# Some pictures from my time as a dog hunter



## TomKat (Aug 2, 2014)

Here are some pictures I thought you might enjoy. I have been at the predator game for a long time.


----------



## TomKat (Aug 2, 2014)




----------



## fulch (Apr 2, 2013)

Nice work. Where ya from?


----------



## dwtrees (Mar 5, 2012)

Nice photos, thanks for sharing.


----------



## catcapper (Feb 11, 2010)

Good job keep'in the fur in the dirt out your way TomKat. :thumbsup:

TomKat is from the great state of Kansas fulch.

awprint:


----------



## kiyote (Jun 15, 2014)

NICE!


----------



## prairiewolf (Feb 19, 2012)

Nice pics and some good looking country, Thanks for sharing !!


----------



## jimmy shutt (Jun 2, 2013)

soilid work, thanks for the pics.

welcome!


----------



## azpredatorhunter (Jul 24, 2012)

Sweet...


----------



## sneakygroundbuzzard (Nov 1, 2012)

you definately know how to put fur on the ground

thanks for including the rifle in some of the pics


----------



## youngdon (Mar 10, 2010)

Nice pics TomKat !


----------



## Jonbnks (Jan 21, 2012)

Great pictures, looks like you sure have been putting the hurt on a lot of coyotes. I know last fall I was seeing a lot of coyotes so hopefully you will have a great season this fall and take many more.


----------



## hassell (Feb 9, 2010)

Thanks for sharing the pic's and indeed some fine looking turf.


----------



## TomKat (Aug 2, 2014)

sneakygroundbuzzard said:


> you definately know how to put fur on the ground
> thanks for including the rifle in some of the pics


Thanks to all. I live in Kansas but have hunted MO and WY.
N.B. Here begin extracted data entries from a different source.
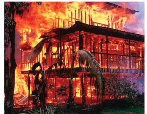
This house in Kalapana, Hawaii, is burned by approaching lava from Kilauea Volcano on Sunday, April 22, 1990. Most of Kalapana was destroyed by lava flows between 1986 and 1990, with 180 homes lost.

The USGS helps the public, policy-makers, and emergency managers make informed decisions on how to prepare for and react to volcano hazards and reduce losses from future volcanic eruptions and debris flows.
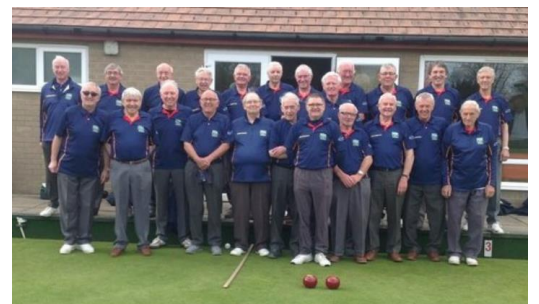
Members participating in BN League Competitions, 2017
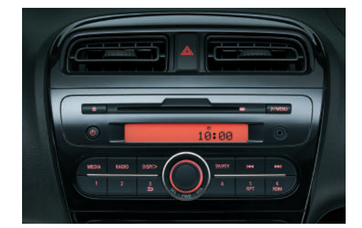
CD player with AUX terminal and unique type centre panel
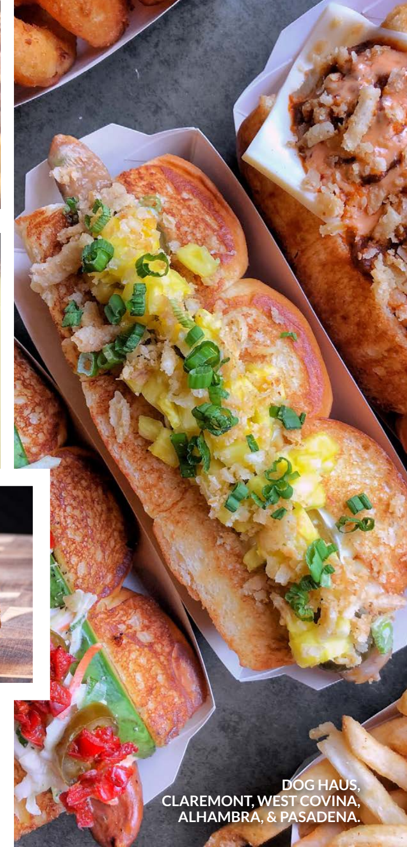
DOG HAUS, CLAREMONT, WEST COVINA, ALHAMBRA, & PASADENA.

If you can finish one pastrami sandwich on your own, you are a champion. Locations across L.A., including Alhambra, Temple City, Glendora, Pasadena, and Monterey Park.
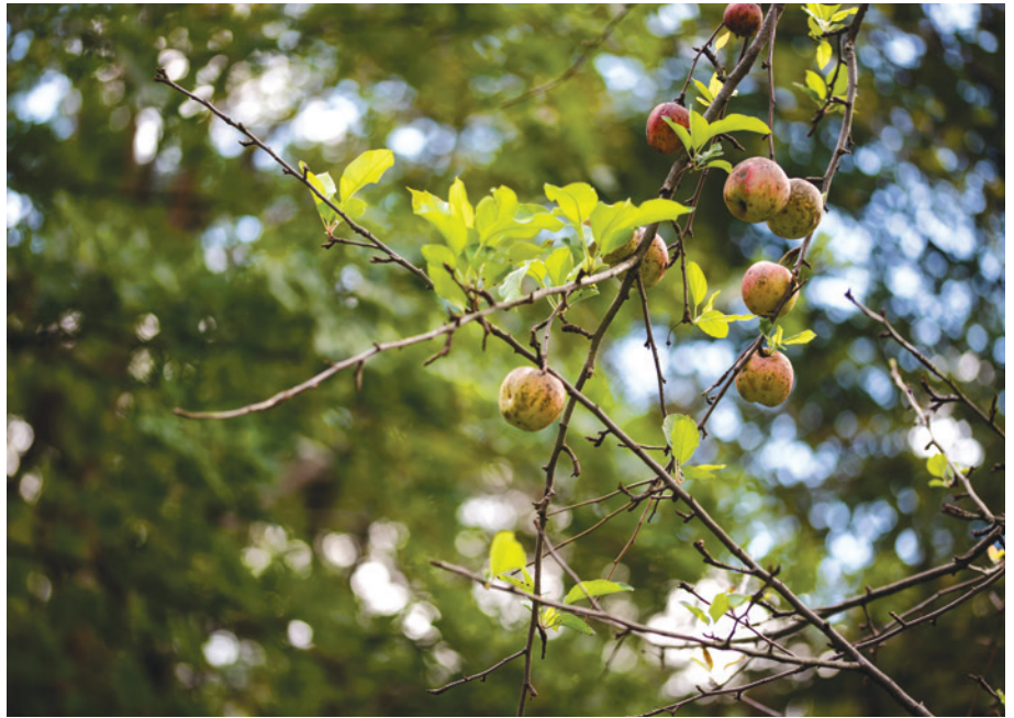
Apples grow at a recently protected ALT community conservation project.

Soon after was the closing of the Reserve-Shaler project, a partnership that resulted in a young farmer acquiring farmland while ALT protected the critical upland habitat. The success of these projects would not have been possible without the continued support from Shaler Area High School and the community as a whole. We are grateful for these opportunities to work with the community to conserve more green space!
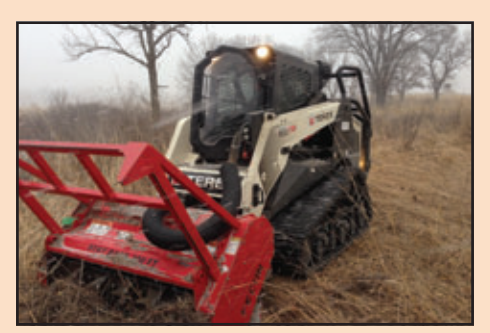
2017 Forestry machine creates fire breaks with ease
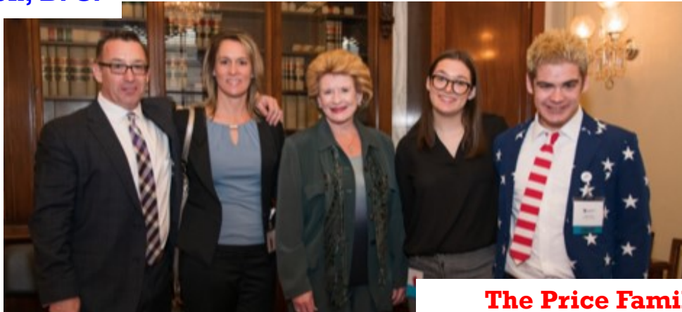
The Price Family with Senator Debbie Stabenow
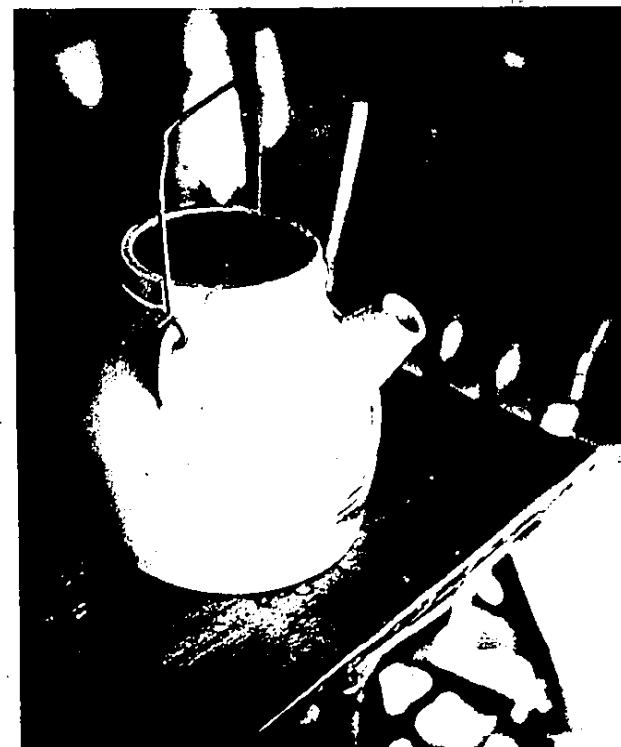
Batter pours easily from this mid-18th century jug

FROM NOW ON, DECORATING WILL NEVER BE THE SAME.

I have owned a lot of rifles. The hand painted one in the pics is a Stevens Model 200 in .22-250. It shot like a dream and I eventually shot the barrel out of it. I have my own rifle range and am a hand loader.

Right now I have an AR15 I built from parts 









I replaced the Stevens with a Savage Model 11 in .22-250 I had it dipped when it was brand new and really like this one. I call it the Viper










I also have a Model 10 in .243 and I just acquired this CZ in .222


----------



## Jonbnks (Jan 21, 2012)

Looks like you do have some nice rifles to shoot. Lucky to have your own rifle range. I've been reloading a lot of pistol round lately, but I have at least 1000 of extra 223 brass. If you need any brass to do some loading for the AR, send me a message or email.


----------



## TomKat (Aug 2, 2014)

Yes I need to talk to u. PM sent


----------